» **EXERCISE DETAILS**: In the records below, the line that contains "The games will" marks the start. Copy it and each line after it through the end, exactly, without pictures.

##### STORED DATA #####

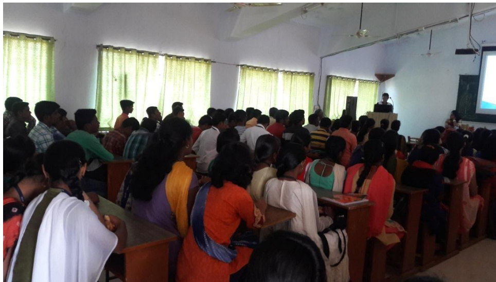
Students expressing their views in the Inaugural Function of the Course
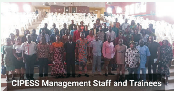
CIPESS Management Staff and Trainees
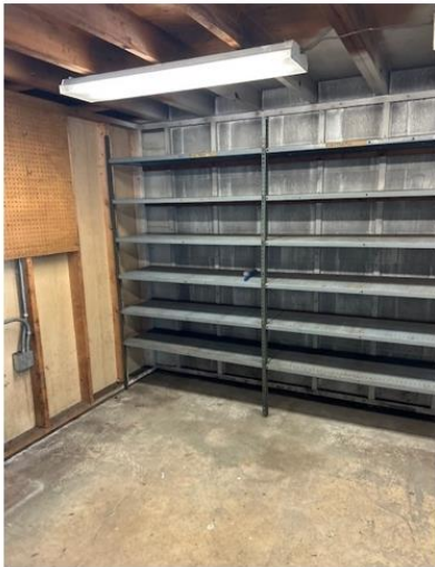
Warehouse storage area
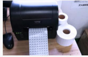
Labeling (date, SN number, QR code...)
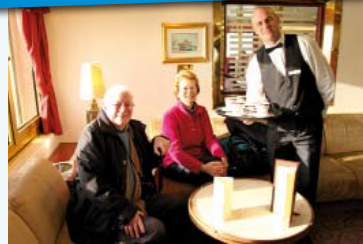
Enjoying Club Class luxury on the ferry
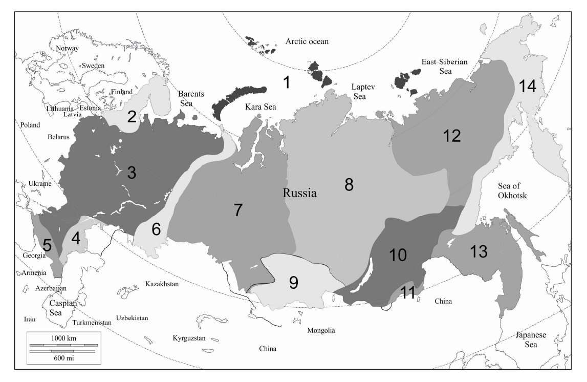
Figure 1. The physico-geographical countries of the Russian Federation: 1 – Arctic Islands, 2 – Kola-Karelian (Fennoscandia), 3 – East European (Russian Plain), 4 – Caspian, 5 – Caucasian Mountainous, 6 – Ural Mountainous, 7 – Western Siberia, 8 – Central Siberia, 9 – Altai-Sayan Mountainous, 10 – Baikal area and Transbaikalia Mountainous, 11 – Daurian, 12 – North-East Siberia, 13 – Amur-Sakhalin, and 14 – North Pacific Ocean.

published through the Global Biodiversity Information Facility (GBIF) to provide open access to data (Mukhin and Vladykina 2020).
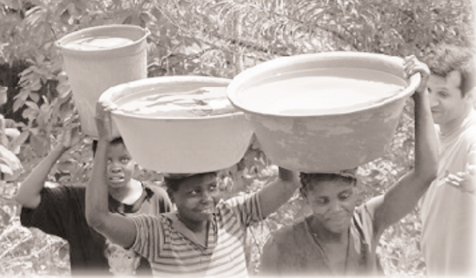
Angola: Project to address the need to have access to clean drinking water – IDP women in Uige.

In Angola , UNHCR will continue to provide international protection and basic humanitarian assistance to approximately 12,000 refugees and asylum-seekers, the majority of whom have come from the DRC. Most of the refugees have been in the country for more than 20 years. Many rural refugees who had achieved a degree of local integration have once again been displaced by the ongoing conflict. As these refugees are in an emergency-like situation, UNHCR will continue providing basic assistance, which will include food as well as support for primary education and income-generating activities. It is also envisaged that some 3,000 refugees will be assisted with transportation to return to their country of origin.
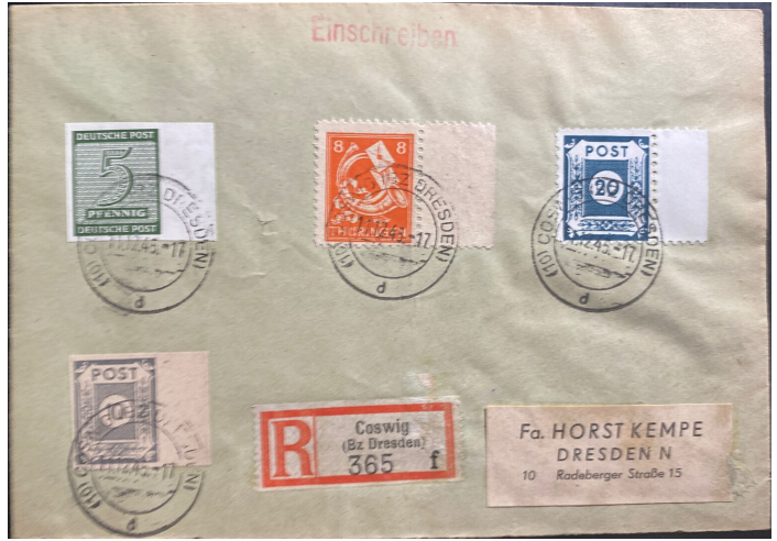
Typical post WW2 East German cover for collector w/ variety

with special or unique stamps. A German cover from 1872, with writing I can't read is interesting. There are the letters addressed to a Mr. Parish, from milling manufacturers and grain suppliers, obviously before the establishment of
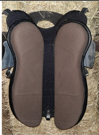
too far to the rear
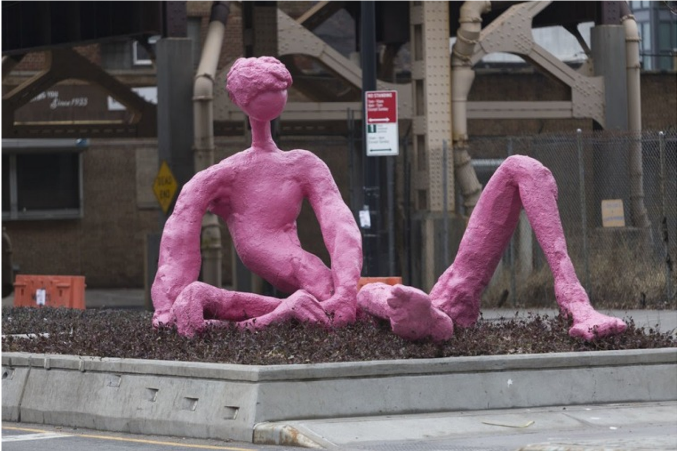
[5]Ohad Meromi, Sunbather, 2016, cast bronze & auto body paint, Long Island City, N.Y.

border-crossing-installation-view-c-booths-1500x1227.jpg [6]
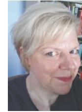
News and Venues

The games will open on Friday, April 26, with a day of sports clinics and a welcome party for athletes, coaches and families at the Plassman Athletic Center at Turnstone on North Clinton Street. The games
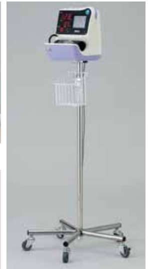
Mobile Cart HM-13
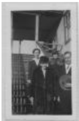
Staff of the Crosby Girls' School (13d-c5702-d8)

#####

» **SOLVED EXERCISE**:
The games will open on Friday, April 26, with a day of sports clinics and a welcome party for athletes, coaches and families at the Plassman Athletic Center at Turnstone on North Clinton Street. The games
Mobile Cart HM-13
Staff of the Crosby Girls' School (13d-c5702-d8)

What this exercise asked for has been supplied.